(Records from a dataset)
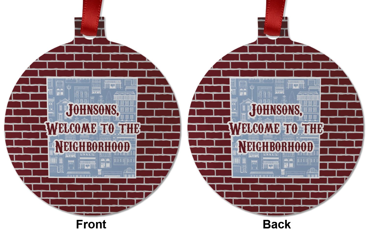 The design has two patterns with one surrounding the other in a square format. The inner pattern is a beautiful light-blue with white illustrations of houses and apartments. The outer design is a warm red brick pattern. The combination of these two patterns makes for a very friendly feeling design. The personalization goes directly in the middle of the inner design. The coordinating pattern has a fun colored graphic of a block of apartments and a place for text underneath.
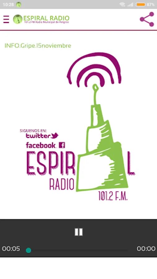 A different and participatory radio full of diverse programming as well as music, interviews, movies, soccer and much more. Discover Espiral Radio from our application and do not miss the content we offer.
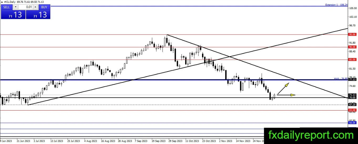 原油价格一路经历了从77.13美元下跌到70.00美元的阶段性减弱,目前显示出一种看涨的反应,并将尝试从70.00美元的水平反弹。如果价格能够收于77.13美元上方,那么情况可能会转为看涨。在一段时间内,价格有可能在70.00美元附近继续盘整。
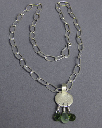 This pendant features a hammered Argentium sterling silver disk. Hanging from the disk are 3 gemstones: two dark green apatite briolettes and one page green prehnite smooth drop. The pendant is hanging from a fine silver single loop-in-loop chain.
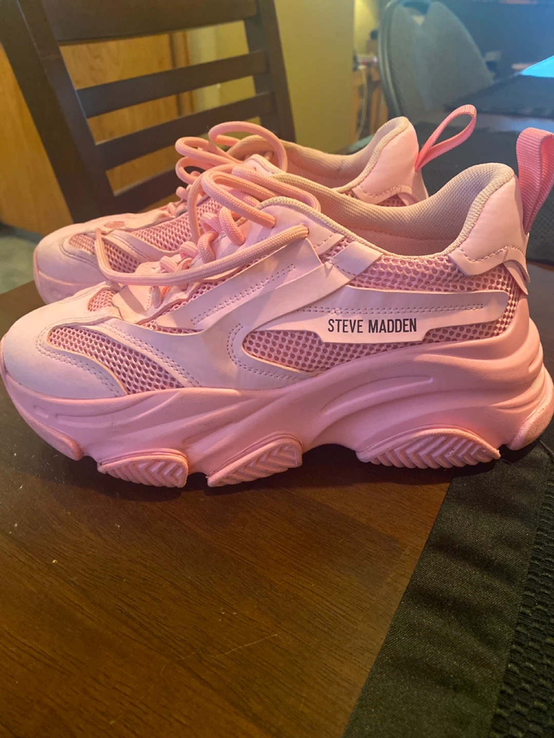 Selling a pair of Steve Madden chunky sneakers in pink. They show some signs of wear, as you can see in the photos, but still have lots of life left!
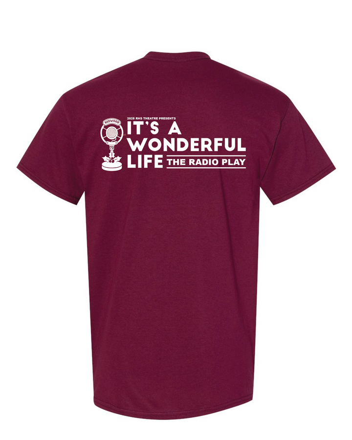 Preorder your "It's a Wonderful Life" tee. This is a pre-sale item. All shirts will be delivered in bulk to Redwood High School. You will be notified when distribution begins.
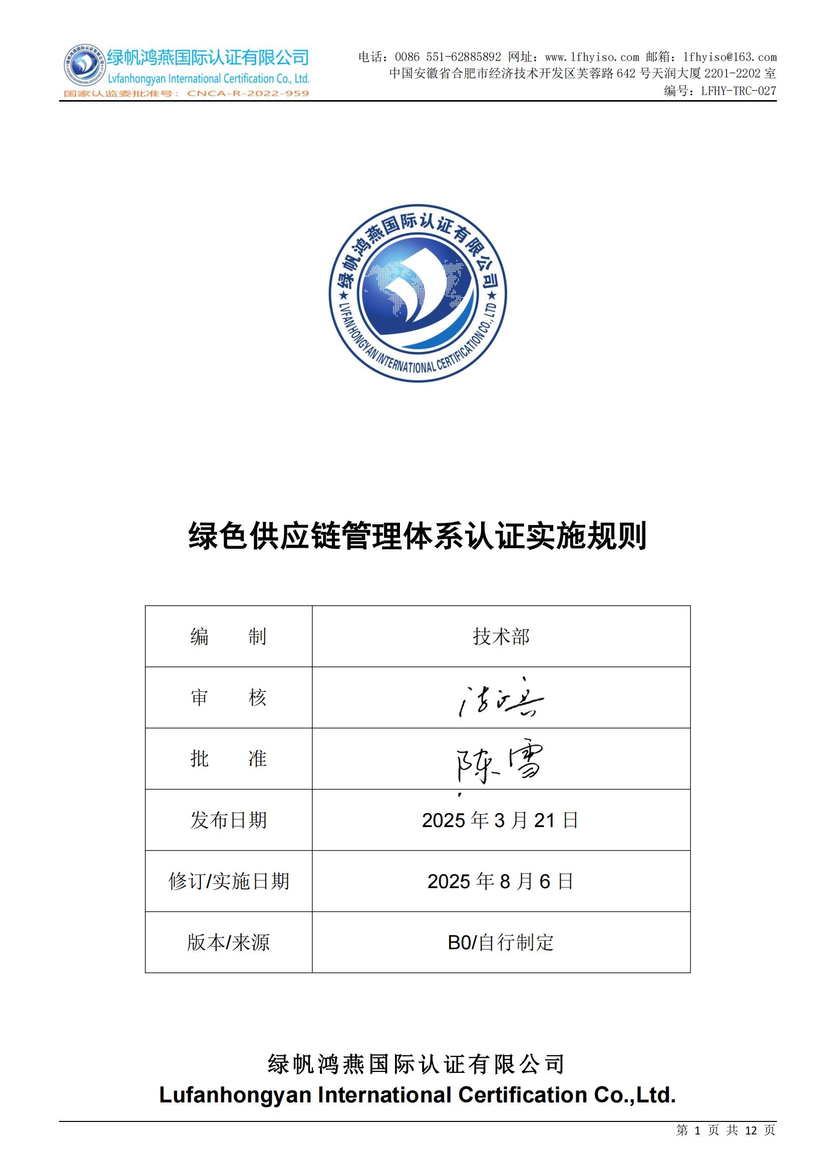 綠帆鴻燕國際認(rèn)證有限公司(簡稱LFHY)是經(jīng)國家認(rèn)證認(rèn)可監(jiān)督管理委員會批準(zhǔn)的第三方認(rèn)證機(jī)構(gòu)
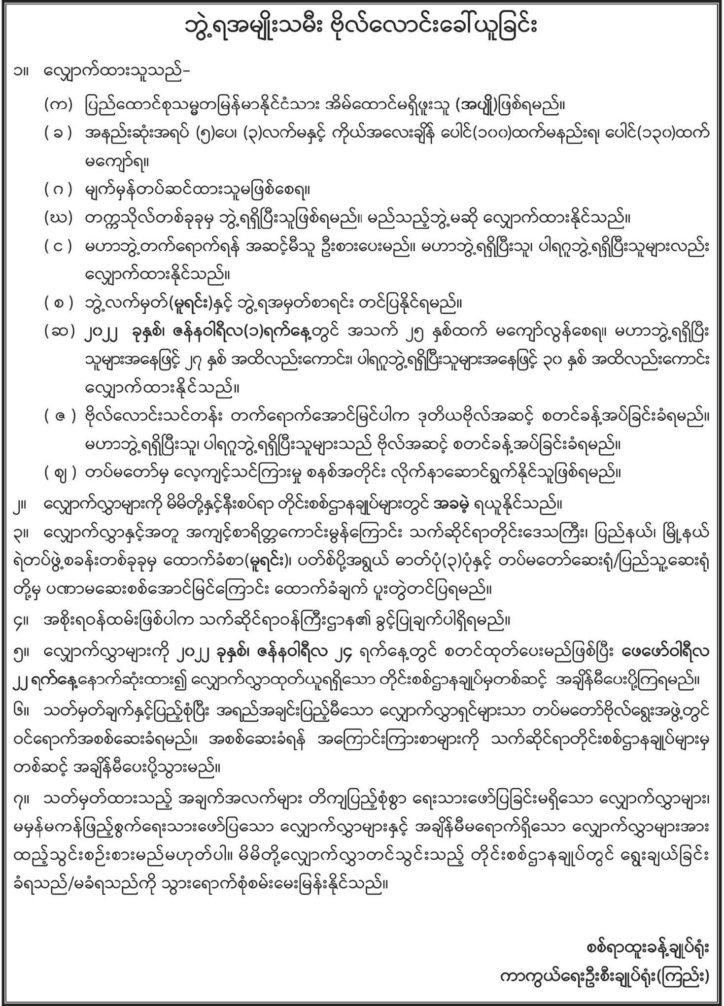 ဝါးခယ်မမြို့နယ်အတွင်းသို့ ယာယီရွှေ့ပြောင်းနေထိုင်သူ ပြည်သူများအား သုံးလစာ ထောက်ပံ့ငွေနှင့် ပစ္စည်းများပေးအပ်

REQUIREMENT = Set the records down again exactly, and omit any picture in them.

THE COMPLETED TASK =
 The design has two patterns with one surrounding the other in a square format. The inner pattern is a beautiful light-blue with white illustrations of houses and apartments. The outer design is a warm red brick pattern. The combination of these two patterns makes for a very friendly feeling design. The personalization goes directly in the middle of the inner design. The coordinating pattern has a fun colored graphic of a block of apartments and a place for text underneath.
 A different and participatory radio full of diverse programming as well as music, interviews, movies, soccer and much more. Discover Espiral Radio from our application and do not miss the content we offer.
 原油价格一路经历了从77.13美元下跌到70.00美元的阶段性减弱,目前显示出一种看涨的反应,并将尝试从70.00美元的水平反弹。如果价格能够收于77.13美元上方,那么情况可能会转为看涨。在一段时间内,价格有可能在70.00美元附近继续盘整。
 This pendant features a hammered Argentium sterling silver disk. Hanging from the disk are 3 gemstones: two dark green apatite briolettes and one page green prehnite smooth drop. The pendant is hanging from a fine silver single loop-in-loop chain.
 Selling a pair of Steve Madden chunky sneakers in pink. They show some signs of wear, as you can see in the photos, but still have lots of life left!
 Preorder your "It's a Wonderful Life" tee. This is a pre-sale item. All shirts will be delivered in bulk to Redwood High School. You will be notified when distribution begins.
 綠帆鴻燕國際認(rèn)證有限公司(簡稱LFHY)是經(jīng)國家認(rèn)證認(rèn)可監(jiān)督管理委員會批準(zhǔn)的第三方認(rèn)證機(jī)構(gòu)
 ဝါးခယ်မမြို့နယ်အတွင်းသို့ ယာယီရွှေ့ပြောင်းနေထိုင်သူ ပြည်သူများအား သုံးလစာ ထောက်ပံ့ငွေနှင့် ပစ္စည်းများပေးအပ်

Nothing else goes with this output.